Le parole di Lukashenko in appoggio a Putin

Le parole del presidente Lukashenko fanno sicuramente scalpore. Si tratta evidentemente di una minaccia alla Nato e al suo tentativo di allargare il confine e protrarlo fino alla (possibile) disfatta di Putin. “Siamo realisti, capiamo che non potremmo sconfiggere la Nato. Ma abbiamo tutte le armi per causare danni, in particolare ai territori da cui verremmo attaccati”. ha aggiunto Lukashenko, sottolineando quale sia la potenza di fuoco di cui l’esercito bielorusso è dotato. Le preoccupazioni sorgono soprattutto per il fatto che queste dichiarazioni arrivano esattamente dopo un dispiegamento di forze speciali al confine con l’Ucraina.

Bielorussia, guerra in Ucraina: le ragioni del dispiegamento di forze speciali

Viktor Gulevich, Capo di Stato maggiore dell’esercito bielorusso, ha sottolineato come si tratti soltanto di una mobilitazione a carattere difensivo, dopo che si è assistito a un rafforzamento delle forze armate ucraine al confine.
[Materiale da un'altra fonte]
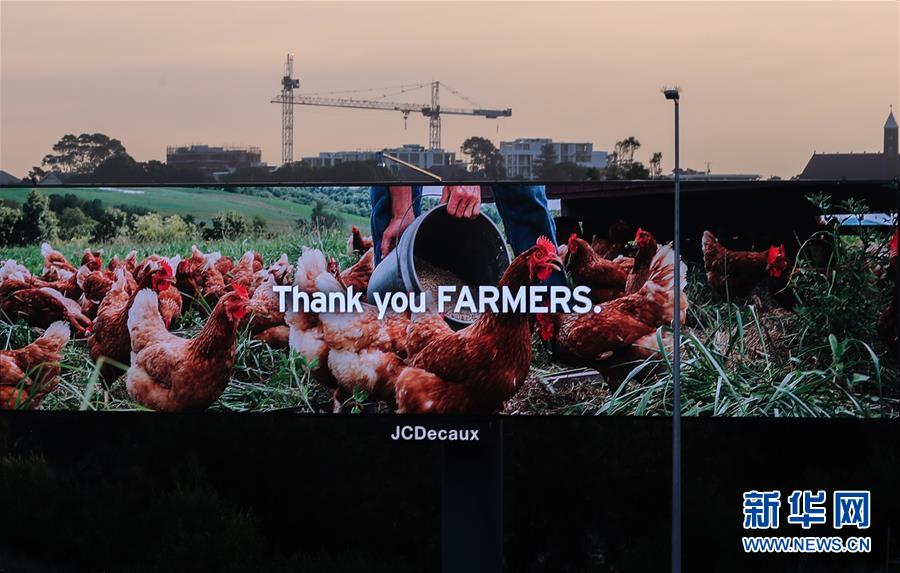 4月15日,在澳大利亞悉尼,戶外廣告牌上打出“感謝農(nóng)場(chǎng)工作者”的字樣,感謝在疫情期間工作的人們。新華社記者白雪飛攝
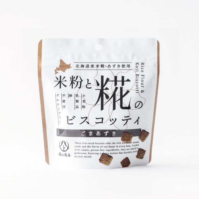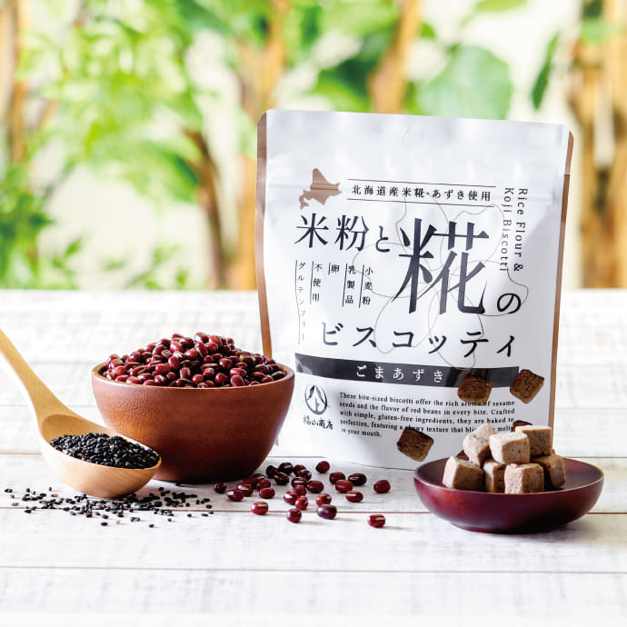 糀を熟知した職人が仕込む、弊社醸造蔵の「北海道産米糀」をブレンドした、少しかために焼き上げたキューブ型ビスコッティです。
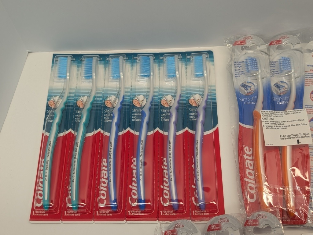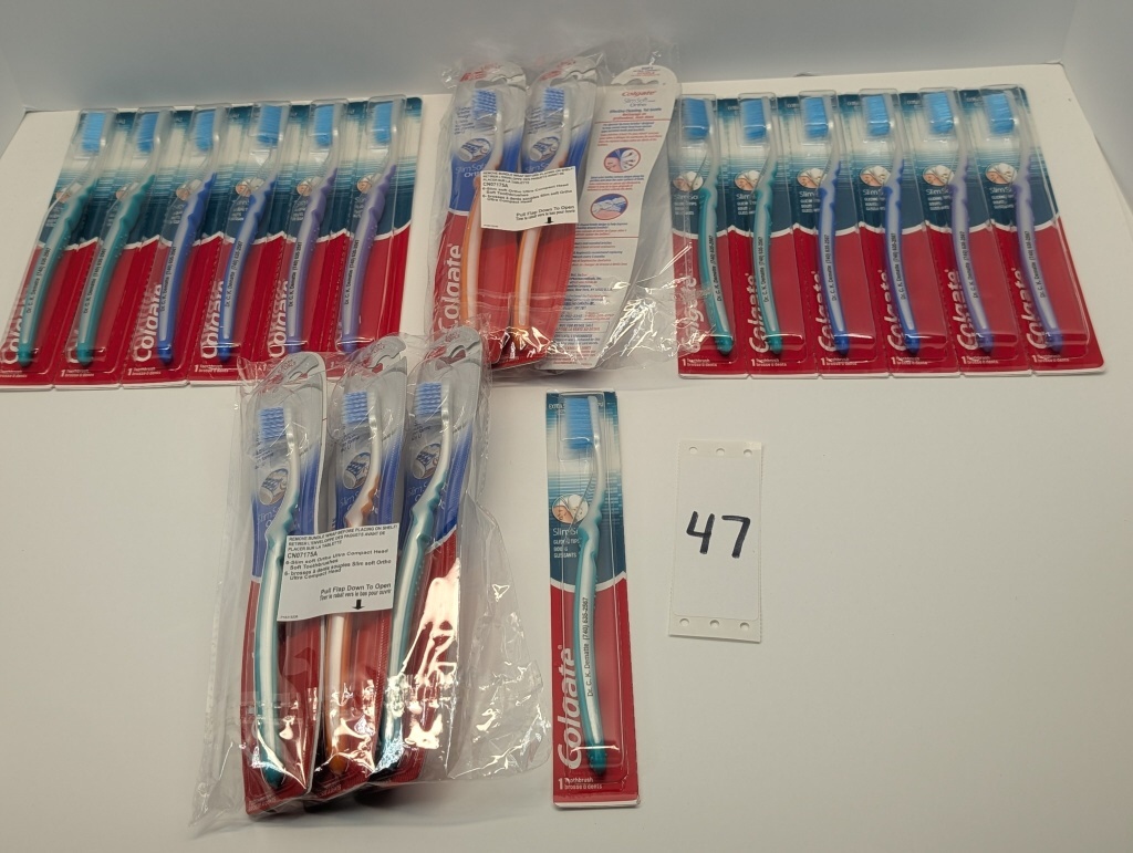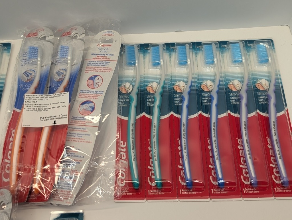 24 COUNT SLIM SOFT ADULT COLGATE TOOTHBRUSHES ASSORTED COLORS
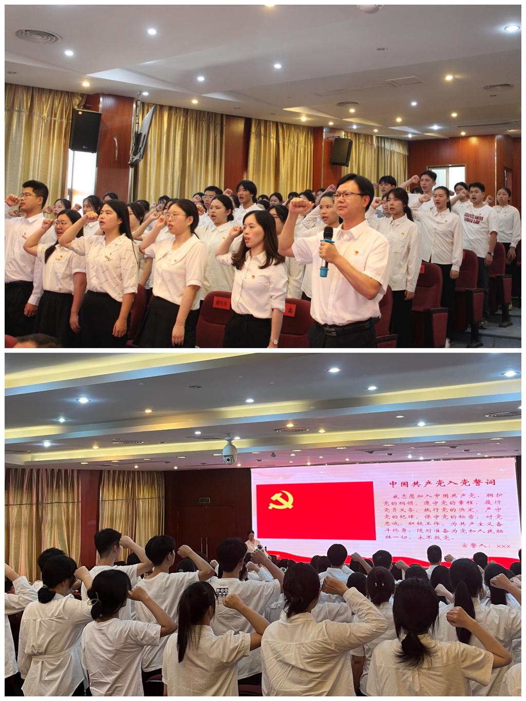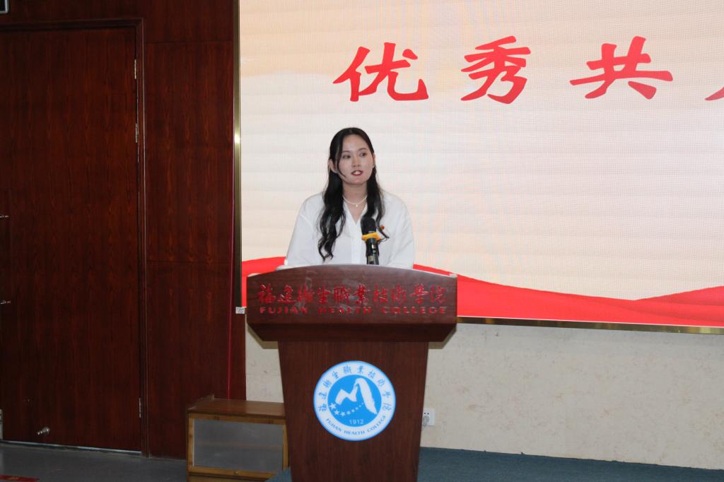 護(hù)理學(xué)院青年教師林曉瓊作為優(yōu)秀共產(chǎn)黨員代表發(fā)言,她結(jié)合自身經(jīng)歷,分享了她在護(hù)理教育和社會(huì)服務(wù)如何用專業(yè)知識(shí)和技能服務(wù)群眾、引領(lǐng)學(xué)生前行,并表示未來(lái)將不忘初心、堅(jiān)守誓言、牢記使命、奮勇向前,為學(xué)校發(fā)展和學(xué)生培養(yǎng)作出更大的貢獻(xiàn)。在公共衛(wèi)生與健康管理學(xué)院黨委書(shū)記葉海的帶領(lǐng)下,近五十名新黨員面對(duì)黨旗進(jìn)行了莊嚴(yán)的宣誓,表達(dá)了他們堅(jiān)定不移跟黨走、為共產(chǎn)主義事業(yè)奮斗終身的決心和信念。

Si tratta di garantire la sicurezza della Bielorussia, prosegue Gulevich. Il motivo è lo schieramento di un gruppo di circa 20mila soldati ucraini poco oltre la frontiera.
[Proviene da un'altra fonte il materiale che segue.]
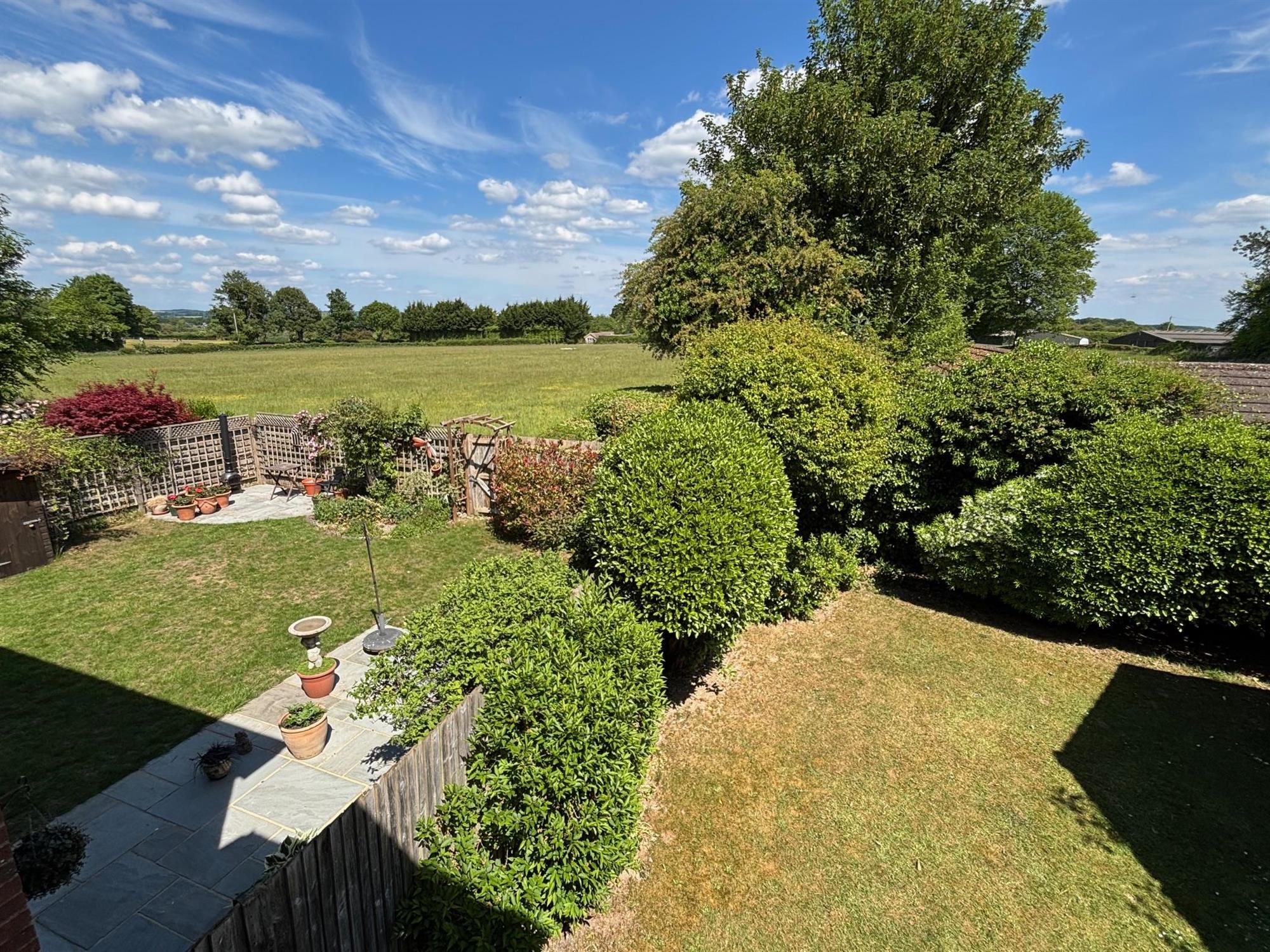 A very private space with a range of mature planting and hedges, with patio, lawn and access to the garage.

Le tre direttrici tattiche stabilite dall’esercito bielorusso dovrebbero impedire qualunque azione offensiva da parte dell’Ucraina.
Lo stato ucraino intanto ha imposto una serie di restrizioni per la mobilità delle persone nell’area ei Chernihiv, vicina al confine con la Bielorussia. Secondo quanto riportato dalle agenzie di stampa, il ministro degli Interni ucraino, ha vietato qualunque movimento di civili all’interno di un’area di un chilometro dal confine, mentre nell’intera zona (circa 20 chilometri) sono vietati gli spostamenti anche per motivi di lavoro tra le 21 di sera e le 6 del mattino.